Monday, February 13, 2006

And in the end, what do I think of Griffith's Battle Tactics? He's clearly an infantry specialist - the vast majority of the book is on infantry tactics, infantry battle, and how the other services or branches affect the infantry. He doesn't even so much as quote a contemporary tactics manual for either the cavalry or the artillery. So, I suppose it's almost predictable that his natural inclination is to blame a third supporting branch for what went wrong with the infantry in the Civil War - the engineers.
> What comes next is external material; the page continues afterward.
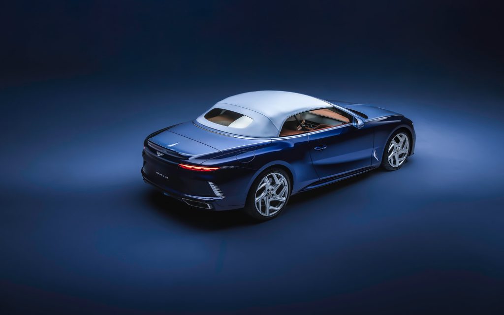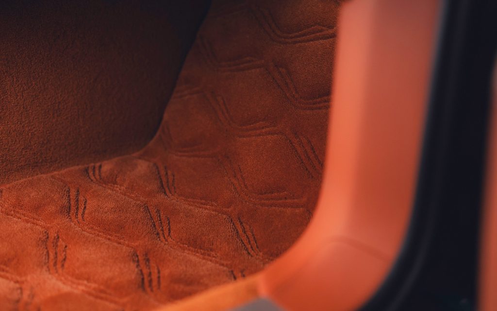 Inside, the cabin trades drama for warmth. Autumnal tans and caramel tones are offset by soft blue accents that echo the exterior Breslow Blue, visually pulling the Airbridge color into the interior architecture. Contrast stitching flows seamlessly from tonneau to seats, headrests, and instrument panel. Look closer still and you’ll find the outline of Mount Batur—the car’s namesake—quietly worked into the deep-pile floor mats, a detail that rewards attention rather than demands it.

And I guess I'm somewhat sympathetic to this inclination - I want to indulge in contempt for the engineers - the Popes and McClellans and Rosecranses and Lees and Hallecks whose elitist misfires ought to be to blame for the slaughter and the stalemates. But the time-lines don't favor his arguments about the usage of entrenchment as much as Griffith'd like you to think - and his rather slap-dash binary division of early-war and late-war only partially hides the basic problem with the analysis which blames the Mahanists for the failure of the offensive in the war.

That problem is that the war isn't properly dividable in a binary fashion between the early war of fluid straight-up battle and the later war of positions and sidle-by-the-flanks. Rather, the timeline lends itself more clearly to a trinary division - an early-war reliance on Mahanist prepatory entrenchment on the Lee and McClellan and Halleck model, followed by a post-Seven-Days devolution into open-field butchery, then a bottom-up reversion to form & the introduction of a mature, integral, truly tactical system of entrenchment, starting in fits and starts among the troops during the Chancellorsville and Tullahoma campaigns, through Culp's Hill and Chickamauga and Mine's Run, and adopted near-universally in the parallel 1864 overland campaigns.
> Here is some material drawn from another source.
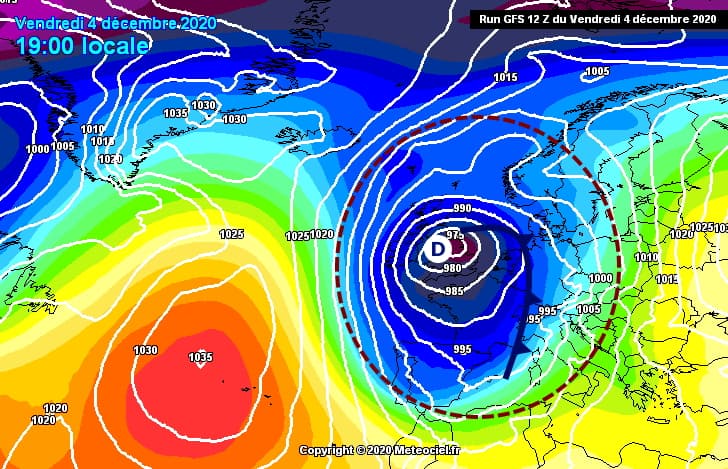 C'est une dépression très creuse qui est à l'origine du temps perturbé des dernières heures. Ce vendredi 4 décembre 2020, celle-ci était centrée sur l'Angleterre avec un coeur à moins de 975 hPa. Ce système dépressionnaire s'étale sur l'ensemble de l'Europe de l'Ouest avec des basses pressions jusqu'au nord du Maghreb.

Thus, this new introduction of entrenchment was not a theoretical child of the Mahanist school, but rather an echo of the discredited corpse of Mahanist theory, cobbled together as a battlefield invention of desperation & the survival instinct. Obviously, I'm getting a lot of this from Hess's first volume on field fortifications, and I'm now greatly looking forward to the other two projected volumes, regardless of Hess's over-reliance on extraneous narrative.

Most of my other responses to Griffith are mere echoes of what I thought when I first encountered Nosworthy's re-formulation of Griffith's ideas - that the psychological quality of the bayonet as a shock weapon is a valid and interesting idea, but that to also denigrate the psychological value of entrenchment as a counter-tactic to the weapons of shock is a damned double standard; that an increase in range of half again or even double, is no improvement to be spat upon, and that Griffith's own figures take a great deal away from his would-be anti-rifle-musket revisionism; and that almost nobody is giving as much attention to the Petersburg siege battles as I suspect is necessary to properly develop the role of entrenchment and riflery in tactics.

If anyone has any suggestions for books on the Petersburg siege & the tactics thereof, I would be greatly appreciative. I know that there's that book on the ANV sharpshooters corps, and I'll probably have to read it, even though it seems to give off that "Victorious [Confederate] Arms" odor which is so familiar from WWII petty historiography. I have hopes for the second volume of Hess's work on field fortification, too.